Chaos at the Marc Anthony concert in Madrid

It was courteous this Tuesday Marc Anthony.

Chaos at the Marc Anthony concert in Madrid

It was courteous this Tuesday Marc Anthony. He brought together 25,000 people at Ifema and of course, the chaos at the entrance was such that he did us the favor of being half an hour late. Complaints on social networks were many, there is talk of 'fraud' and 'scam' with ease. The organizers are branded as 'scoundrels' as well. And it is that, both at the entrance and at the exit, numerous incidents took place. Access roundabouts blocked, people protesting and blaming Ifema and Ayuso... and two policemen for every kilometer of traffic jam. In the end, the 25,000 people in the adjacent car parks fit but many people entered the venue with the concert already started.

So, on the run, without accreditation and having to throw a smoking cigarette that had at least 15 cents to live on the floor, I was able to hear the welcome ovation: Puerto Rican ‘in the house’.

I was looking for my entrance with 'Valió la pena' in the background, an ideal intergenerational success to open. It took Anthony a (painful) stanza to get into the role, but then he was up to it. That said, with all the problems in the world (poor visibility, people who couldn't hear well in the back rows, apart from the commented entry and exit jams...) they are the result of the poor decision of the promoter who decided that in Ifema can fit that number of people. A predictable mistake but that spoiled the evening for more than one.
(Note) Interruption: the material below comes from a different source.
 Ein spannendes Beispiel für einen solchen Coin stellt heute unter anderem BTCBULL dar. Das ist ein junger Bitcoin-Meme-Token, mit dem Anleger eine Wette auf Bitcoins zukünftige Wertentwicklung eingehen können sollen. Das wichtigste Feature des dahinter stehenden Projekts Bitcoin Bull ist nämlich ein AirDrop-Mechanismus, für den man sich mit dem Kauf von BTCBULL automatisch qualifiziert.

The New Yorker/Puerto Rican has made a career in half the world with unprecedented commercial success, being the salsa artist who has sold the most records on the planet (30 million copies). Although he does not need excuses to come to Madrid to sing, yesterday he presented his latest work 'Pa'lla voy', which follows the line of his recording career. Only the homonymous sounded from the album, a correct traditional sauce.
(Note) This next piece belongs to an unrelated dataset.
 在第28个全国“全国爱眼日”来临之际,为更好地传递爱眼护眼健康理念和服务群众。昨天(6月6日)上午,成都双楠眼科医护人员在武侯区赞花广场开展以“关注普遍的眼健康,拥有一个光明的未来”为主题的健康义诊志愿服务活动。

Sometimes, due to industry bias, these types of artists are thought to be studio products languishing on stage. This Puerto Rican showed yesterday that it is not his case, commanding the band, eating up the stage and revealing that Caribbean flow that people who know how to move their hips have.

It is a style, badly called Latin by lazy people, difficult for musicians. Twenty instruments on stage, energetic arrangements in which there is hardly any rest, many percussion lines that intersect... From the perfect assembly of the band comes that 'something' that makes you dance. And the applause then goes to Anthony… oh, life.

Something very, very unusual to see is a long guitar solo in these songs. Five minutes of Mario Guino's virtuosity clock with Marc Anthony cast aside is a once-in-a-lifetime thing. Great moment for the talented guitarist.

The musical climax of the concert was a wonderful version of 'And how is he?' Elegant and seductive, Anthony sang with the wisdom of one who knows that life does not end in heartbreak and that the heart can withstand several fractures.

To contrast, and because artists are like that, the following was his lowest moment of the evening. A real shame, because the song, 'What price does heaven have?', is one of the best compositions in the repertoire.

The public sang all but the new one. I imagined that the woman who was expressing her frustration via direct Instagram when we were stuck at the Valdebebas roundabout would be jumping when the encores began and I reminded myself, once again, that music has something special.

The most international salsero said goodbye to a city, ours, with 'Vivir mi vida', which sold out tickets, stood in line for two hours and acted as a chorus girl on many songs. He left like the greats, without heavy harangues or delusions of grandeur and the guarantee that, in his field, he is one of the best in the world.